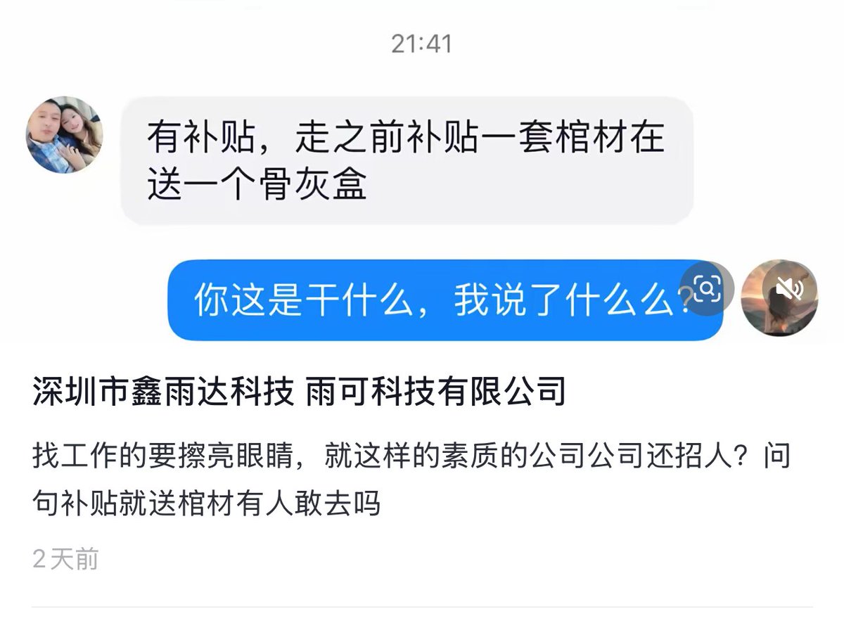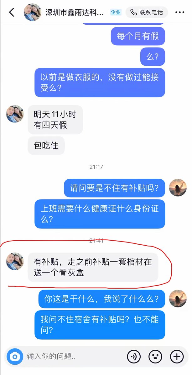 2月18日,广东深圳。网友询问一家工厂事人关于不住宿舍是否有补贴时,对方回复:“补贴一套棺材和骨灰盒” 网友称涉事企业名为:深圳市鑫雨达科技有限公司。
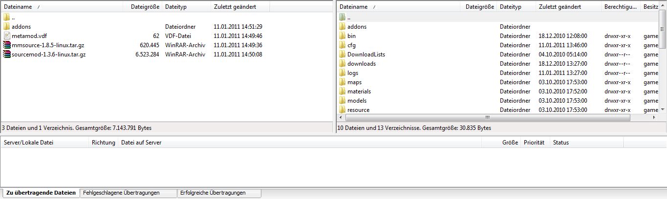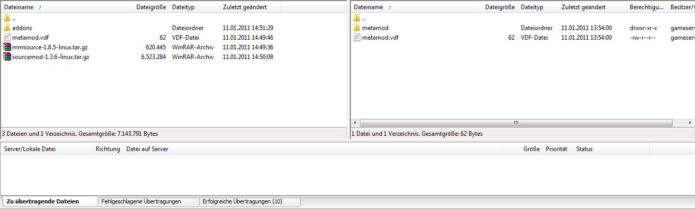 Schiebt den kompletten Ordner "metamod" in das geöffnete Verzeichnis "addons" auf dem Server.
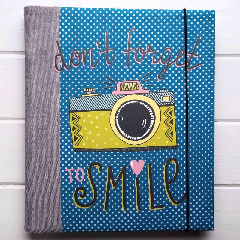 Toto handmade fotoalbum je pro všechny, kteří si rádi uchovávají vzpomínky z cest, výletů, oslav i obyčejných dnů. Veselý motiv foťáku s nápisem „Don’t forget to smile“ z něj dělá milý dárek i pro někoho, kdo „už všechno má“.
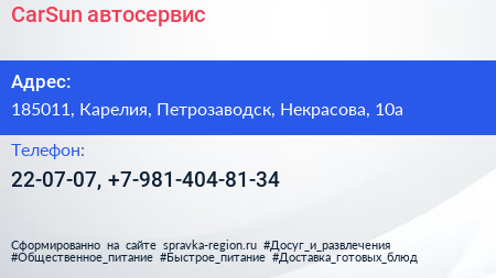 CarSun, автосервис по адресу 185011, Карелия, Петрозаводск, Некрасова, 10а в дальнейшем Организация, размещена в следующих категориях:
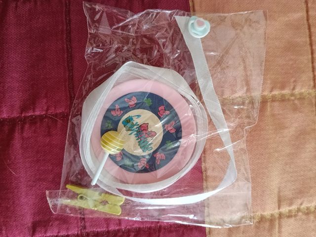 Set de accesorios para muñecas Barriguitas. Incluye un plato con diseño floral, un chupachups, un chupete y una pinza de ropa amarilla.
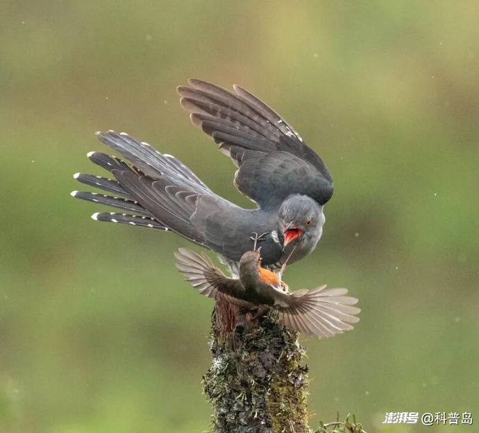 育雛防御戰(zhàn):即使杜鵑雛鳥成功孵化,一些宿主也會通過識別并減少對杜鵑雛鳥的喂食頻率,或攻擊異常雛鳥來限制其生存。例如,灰喜鵲會啄擊體型過大的杜鵑雛鳥,迫使其離巢。
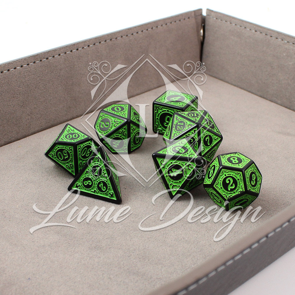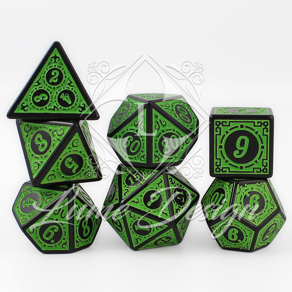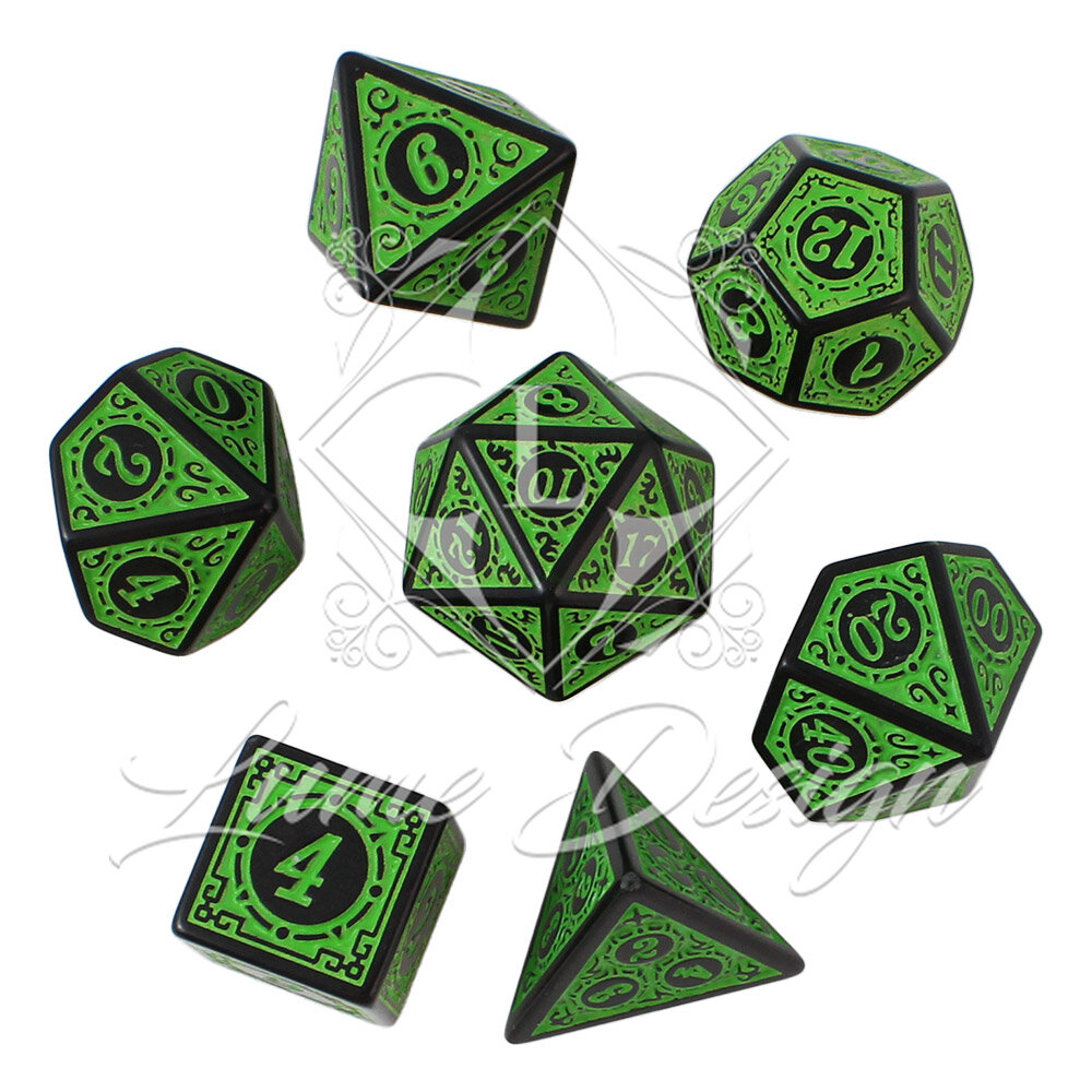 Sięgnij po zakazaną wiedzę z zestawem "Verdant Arcane". Te kości to połączenie mroku nocy z jadowitą, magiczną zielenią, która zdaje się pulsować energią wprost z zapomnianych grimuarów.
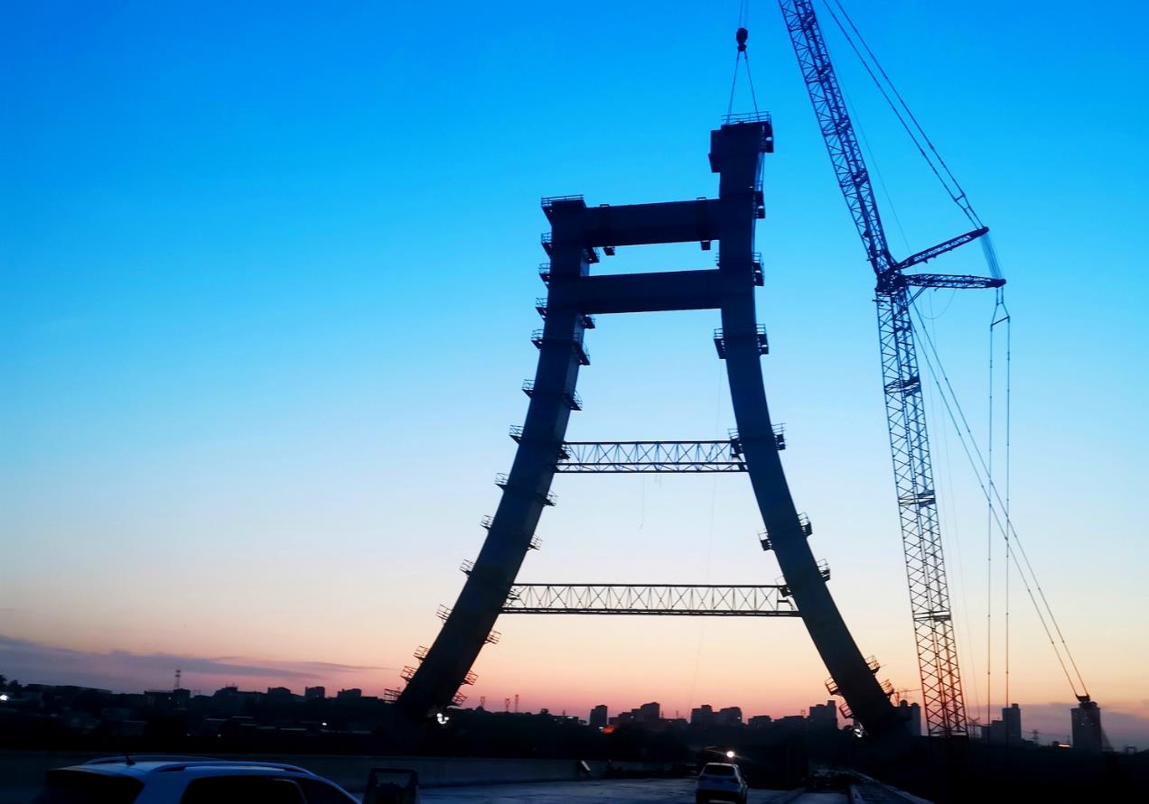 完美丨鞏義市石河道大橋橋塔順利合攏

····················

Before printing anything, remove the pictures; then print all the records exactly.

 2月18日,广东深圳。网友询问一家工厂事人关于不住宿舍是否有补贴时,对方回复:“补贴一套棺材和骨灰盒” 网友称涉事企业名为:深圳市鑫雨达科技有限公司。
 Schiebt den kompletten Ordner "metamod" in das geöffnete Verzeichnis "addons" auf dem Server.
 Toto handmade fotoalbum je pro všechny, kteří si rádi uchovávají vzpomínky z cest, výletů, oslav i obyčejných dnů. Veselý motiv foťáku s nápisem „Don’t forget to smile“ z něj dělá milý dárek i pro někoho, kdo „už všechno má“.
 CarSun, автосервис по адресу 185011, Карелия, Петрозаводск, Некрасова, 10а в дальнейшем Организация, размещена в следующих категориях:
 Set de accesorios para muñecas Barriguitas. Incluye un plato con diseño floral, un chupachups, un chupete y una pinza de ropa amarilla.
 育雛防御戰(zhàn):即使杜鵑雛鳥成功孵化,一些宿主也會通過識別并減少對杜鵑雛鳥的喂食頻率,或攻擊異常雛鳥來限制其生存。例如,灰喜鵲會啄擊體型過大的杜鵑雛鳥,迫使其離巢。
 Sięgnij po zakazaną wiedzę z zestawem "Verdant Arcane". Te kości to połączenie mroku nocy z jadowitą, magiczną zielenią, która zdaje się pulsować energią wprost z zapomnianych grimuarów.
 完美丨鞏義市石河道大橋橋塔順利合攏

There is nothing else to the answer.